Первое мгновение я не мог поверить своим глазам, но громкий крик его в ночной тишине на бегу: «Феликс, Феликс, все скажу царице…» — убедил меня, что это он. Я бросился за ним вдогонку и выстрелил — промах! Я выстрелил вторично на бегу — и… опять промахнулся. Не могу передать того чувства бешенства, которое я испытал против самого себя в эту минуту. Стрелок более чем приличный, попадавший в небольшие мишени, я оказался сегодня неспособным уложить человека в 20 шагах.

Распутин подбегал уже к воротам. Тогда я остановился, изо всех сил укусил себя за кисть левой руки, чтоб заставить себя сосредоточиться, и выстрелом (в третий раз) попал ему в спину. Он остановился, я дал четвертый выстрел, попавший ему в голову. Я подбежал к нему и изо всей силы ударил его ногою в висок.
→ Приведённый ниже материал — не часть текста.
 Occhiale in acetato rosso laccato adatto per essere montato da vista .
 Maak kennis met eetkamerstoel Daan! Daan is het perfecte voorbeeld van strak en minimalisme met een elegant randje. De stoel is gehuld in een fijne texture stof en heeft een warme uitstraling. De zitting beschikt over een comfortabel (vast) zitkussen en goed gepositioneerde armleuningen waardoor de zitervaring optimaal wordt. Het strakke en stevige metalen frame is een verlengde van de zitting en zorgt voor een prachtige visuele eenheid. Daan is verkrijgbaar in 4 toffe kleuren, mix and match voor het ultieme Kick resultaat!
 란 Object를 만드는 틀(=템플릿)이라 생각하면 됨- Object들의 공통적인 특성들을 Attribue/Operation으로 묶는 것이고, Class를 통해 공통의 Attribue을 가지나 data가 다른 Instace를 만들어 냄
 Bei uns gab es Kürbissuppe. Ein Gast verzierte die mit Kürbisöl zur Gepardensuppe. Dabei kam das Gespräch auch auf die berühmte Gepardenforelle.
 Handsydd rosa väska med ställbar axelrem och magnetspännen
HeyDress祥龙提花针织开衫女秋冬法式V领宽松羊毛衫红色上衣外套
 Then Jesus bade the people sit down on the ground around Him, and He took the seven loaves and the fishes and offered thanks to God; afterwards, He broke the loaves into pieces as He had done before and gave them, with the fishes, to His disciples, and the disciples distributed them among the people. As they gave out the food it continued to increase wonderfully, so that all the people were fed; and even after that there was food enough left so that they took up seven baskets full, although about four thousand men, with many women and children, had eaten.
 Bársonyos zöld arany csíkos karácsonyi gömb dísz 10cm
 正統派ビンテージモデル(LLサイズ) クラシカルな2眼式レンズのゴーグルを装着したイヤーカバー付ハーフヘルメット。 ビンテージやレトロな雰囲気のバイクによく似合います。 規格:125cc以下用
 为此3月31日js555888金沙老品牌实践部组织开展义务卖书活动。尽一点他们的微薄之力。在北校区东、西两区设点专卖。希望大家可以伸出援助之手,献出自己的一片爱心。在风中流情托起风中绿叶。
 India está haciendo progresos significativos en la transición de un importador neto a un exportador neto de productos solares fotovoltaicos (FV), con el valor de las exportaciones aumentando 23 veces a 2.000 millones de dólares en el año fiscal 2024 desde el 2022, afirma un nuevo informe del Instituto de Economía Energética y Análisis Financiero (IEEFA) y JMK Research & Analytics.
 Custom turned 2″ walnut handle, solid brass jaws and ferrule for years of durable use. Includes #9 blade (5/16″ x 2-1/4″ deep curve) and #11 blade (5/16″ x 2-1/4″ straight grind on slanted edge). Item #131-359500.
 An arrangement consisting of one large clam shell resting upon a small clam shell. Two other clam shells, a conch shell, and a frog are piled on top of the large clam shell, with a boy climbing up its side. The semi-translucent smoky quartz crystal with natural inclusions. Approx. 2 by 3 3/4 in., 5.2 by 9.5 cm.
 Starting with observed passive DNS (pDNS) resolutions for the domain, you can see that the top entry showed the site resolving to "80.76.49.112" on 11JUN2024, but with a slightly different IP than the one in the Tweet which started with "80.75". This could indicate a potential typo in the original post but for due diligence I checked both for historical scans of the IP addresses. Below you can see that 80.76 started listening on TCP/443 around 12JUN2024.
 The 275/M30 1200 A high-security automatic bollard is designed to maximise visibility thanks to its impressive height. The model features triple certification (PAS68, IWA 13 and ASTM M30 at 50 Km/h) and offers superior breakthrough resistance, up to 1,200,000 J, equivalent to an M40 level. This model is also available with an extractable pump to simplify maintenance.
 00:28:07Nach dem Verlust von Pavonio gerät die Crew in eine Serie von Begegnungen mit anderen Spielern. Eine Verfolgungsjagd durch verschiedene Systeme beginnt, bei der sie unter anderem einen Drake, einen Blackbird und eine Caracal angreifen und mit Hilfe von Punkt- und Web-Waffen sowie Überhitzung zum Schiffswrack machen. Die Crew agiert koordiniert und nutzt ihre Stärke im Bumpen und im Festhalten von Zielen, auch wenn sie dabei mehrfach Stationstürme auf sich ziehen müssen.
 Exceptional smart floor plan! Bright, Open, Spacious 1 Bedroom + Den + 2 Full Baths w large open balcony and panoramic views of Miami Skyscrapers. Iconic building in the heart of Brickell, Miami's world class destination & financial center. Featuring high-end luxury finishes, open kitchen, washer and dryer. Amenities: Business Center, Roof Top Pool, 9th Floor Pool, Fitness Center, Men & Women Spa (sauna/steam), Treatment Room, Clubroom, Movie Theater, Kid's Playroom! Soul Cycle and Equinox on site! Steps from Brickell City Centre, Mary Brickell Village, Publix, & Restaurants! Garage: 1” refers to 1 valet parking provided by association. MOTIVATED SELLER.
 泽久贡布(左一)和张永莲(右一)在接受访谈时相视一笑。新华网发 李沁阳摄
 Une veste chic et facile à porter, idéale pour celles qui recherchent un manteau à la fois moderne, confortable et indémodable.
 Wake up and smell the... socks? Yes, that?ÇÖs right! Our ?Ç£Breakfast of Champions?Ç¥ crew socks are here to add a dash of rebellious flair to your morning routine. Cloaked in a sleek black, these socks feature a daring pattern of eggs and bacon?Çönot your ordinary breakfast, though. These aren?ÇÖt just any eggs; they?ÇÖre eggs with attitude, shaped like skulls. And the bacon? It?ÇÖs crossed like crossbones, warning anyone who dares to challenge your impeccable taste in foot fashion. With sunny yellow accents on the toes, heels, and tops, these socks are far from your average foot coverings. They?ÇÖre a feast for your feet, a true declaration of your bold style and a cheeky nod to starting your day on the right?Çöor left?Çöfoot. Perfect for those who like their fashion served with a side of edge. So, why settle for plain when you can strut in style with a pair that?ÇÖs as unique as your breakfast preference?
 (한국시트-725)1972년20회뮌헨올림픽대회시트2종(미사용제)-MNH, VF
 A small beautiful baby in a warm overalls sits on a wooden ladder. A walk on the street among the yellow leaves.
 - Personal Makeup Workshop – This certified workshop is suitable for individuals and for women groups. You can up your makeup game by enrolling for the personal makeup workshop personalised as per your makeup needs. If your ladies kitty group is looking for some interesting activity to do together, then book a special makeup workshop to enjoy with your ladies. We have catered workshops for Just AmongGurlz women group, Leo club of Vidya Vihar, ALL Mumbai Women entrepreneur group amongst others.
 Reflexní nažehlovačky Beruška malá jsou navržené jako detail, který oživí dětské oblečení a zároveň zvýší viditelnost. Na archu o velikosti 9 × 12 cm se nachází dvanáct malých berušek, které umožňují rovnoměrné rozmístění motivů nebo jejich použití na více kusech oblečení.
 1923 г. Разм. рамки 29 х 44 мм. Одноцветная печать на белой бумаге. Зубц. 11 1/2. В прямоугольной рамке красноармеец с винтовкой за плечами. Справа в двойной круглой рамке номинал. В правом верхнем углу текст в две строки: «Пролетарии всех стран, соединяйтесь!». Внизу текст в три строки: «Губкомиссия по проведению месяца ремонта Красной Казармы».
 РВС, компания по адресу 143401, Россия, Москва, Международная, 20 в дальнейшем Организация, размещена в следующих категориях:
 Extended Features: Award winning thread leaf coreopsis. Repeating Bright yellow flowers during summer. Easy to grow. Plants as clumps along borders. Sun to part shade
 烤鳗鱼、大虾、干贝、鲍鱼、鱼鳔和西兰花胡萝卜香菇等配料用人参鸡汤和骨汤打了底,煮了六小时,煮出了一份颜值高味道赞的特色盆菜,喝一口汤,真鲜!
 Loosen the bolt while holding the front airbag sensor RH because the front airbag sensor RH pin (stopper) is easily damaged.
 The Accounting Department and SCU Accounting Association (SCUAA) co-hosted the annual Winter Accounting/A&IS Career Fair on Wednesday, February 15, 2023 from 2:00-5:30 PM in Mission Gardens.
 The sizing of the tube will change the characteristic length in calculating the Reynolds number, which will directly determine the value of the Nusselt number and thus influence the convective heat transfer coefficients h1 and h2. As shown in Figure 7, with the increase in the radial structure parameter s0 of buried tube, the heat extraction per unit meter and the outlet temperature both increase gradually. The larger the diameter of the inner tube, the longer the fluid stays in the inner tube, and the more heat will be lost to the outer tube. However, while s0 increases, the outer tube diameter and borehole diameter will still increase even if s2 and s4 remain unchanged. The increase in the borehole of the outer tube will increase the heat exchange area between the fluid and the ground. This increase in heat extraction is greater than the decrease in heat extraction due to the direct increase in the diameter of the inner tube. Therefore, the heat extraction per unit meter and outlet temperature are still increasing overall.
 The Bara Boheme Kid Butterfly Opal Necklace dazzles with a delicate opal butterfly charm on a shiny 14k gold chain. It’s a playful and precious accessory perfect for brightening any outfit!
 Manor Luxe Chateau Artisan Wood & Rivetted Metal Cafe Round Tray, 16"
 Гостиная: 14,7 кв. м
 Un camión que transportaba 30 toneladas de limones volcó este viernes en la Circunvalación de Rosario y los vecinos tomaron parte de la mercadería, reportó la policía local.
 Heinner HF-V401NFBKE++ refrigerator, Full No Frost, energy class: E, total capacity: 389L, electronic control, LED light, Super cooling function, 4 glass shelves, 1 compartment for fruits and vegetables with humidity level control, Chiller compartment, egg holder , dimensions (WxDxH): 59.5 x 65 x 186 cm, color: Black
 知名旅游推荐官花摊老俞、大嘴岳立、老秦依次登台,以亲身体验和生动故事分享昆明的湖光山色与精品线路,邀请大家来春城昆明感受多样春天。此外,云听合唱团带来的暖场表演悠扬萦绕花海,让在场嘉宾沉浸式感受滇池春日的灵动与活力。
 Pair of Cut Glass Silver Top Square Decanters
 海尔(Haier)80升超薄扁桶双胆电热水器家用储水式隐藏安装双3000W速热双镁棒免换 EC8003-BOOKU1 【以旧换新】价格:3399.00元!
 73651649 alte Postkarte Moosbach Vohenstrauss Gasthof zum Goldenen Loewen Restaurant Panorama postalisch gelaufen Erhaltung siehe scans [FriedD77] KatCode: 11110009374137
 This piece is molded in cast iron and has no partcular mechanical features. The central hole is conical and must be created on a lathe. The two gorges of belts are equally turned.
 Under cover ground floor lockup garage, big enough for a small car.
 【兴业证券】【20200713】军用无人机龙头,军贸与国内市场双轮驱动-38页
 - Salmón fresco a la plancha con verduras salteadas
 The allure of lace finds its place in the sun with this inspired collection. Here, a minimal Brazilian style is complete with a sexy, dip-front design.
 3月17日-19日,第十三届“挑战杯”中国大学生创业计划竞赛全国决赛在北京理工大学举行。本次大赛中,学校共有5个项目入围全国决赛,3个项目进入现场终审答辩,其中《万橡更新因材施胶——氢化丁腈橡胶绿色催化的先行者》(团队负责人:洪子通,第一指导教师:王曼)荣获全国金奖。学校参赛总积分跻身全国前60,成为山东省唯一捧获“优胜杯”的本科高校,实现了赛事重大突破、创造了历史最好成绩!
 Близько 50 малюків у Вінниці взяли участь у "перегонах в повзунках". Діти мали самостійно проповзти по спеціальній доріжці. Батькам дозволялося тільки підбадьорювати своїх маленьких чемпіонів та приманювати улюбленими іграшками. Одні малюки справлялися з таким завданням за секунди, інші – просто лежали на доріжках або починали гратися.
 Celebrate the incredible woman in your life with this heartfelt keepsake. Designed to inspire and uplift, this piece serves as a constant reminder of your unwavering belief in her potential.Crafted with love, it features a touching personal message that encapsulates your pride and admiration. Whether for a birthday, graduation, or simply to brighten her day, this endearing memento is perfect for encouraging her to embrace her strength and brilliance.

Он лежал с далеко вытянутыми вперед руками, скребя снег и как будто бы желая ползти вперед на брюхе; но продвигаться он уже не мог и только лязгал и скрежетал зубами.

Помню ясно, что в промежуток моей стрельбы по Распутину по панели на улице прошло два человека, из коих второй, услышав выстрел, кинулся в сторону от решетки и побежал». Когда всё было кончено, труп погрузили в закрытый автомобиль. Заговорщики доехали до Большого Петровского моста, с которого и было сброшено тело «Старца».

Сестра князя Дмитрия Мария Павловна, когда разнеслись первые слухи о гибели Распутина и его убийцах, наблюдала в Пскове, как «Весть о его смерти везде встречали с радостью, даже истеричной; люди на улицах обнимались, как на Пасху, а женщины плакали…».

Источники:

1) Пуришкевич В. М., Дневник «Как я убил Распутина», М., 1990.

2) Юсупов Ф., Загадка убийства Распутина. Записки князя Юсупова, М., 2014.

3) Великая княгиня Мария Павловна, Мемуары, М., 2015.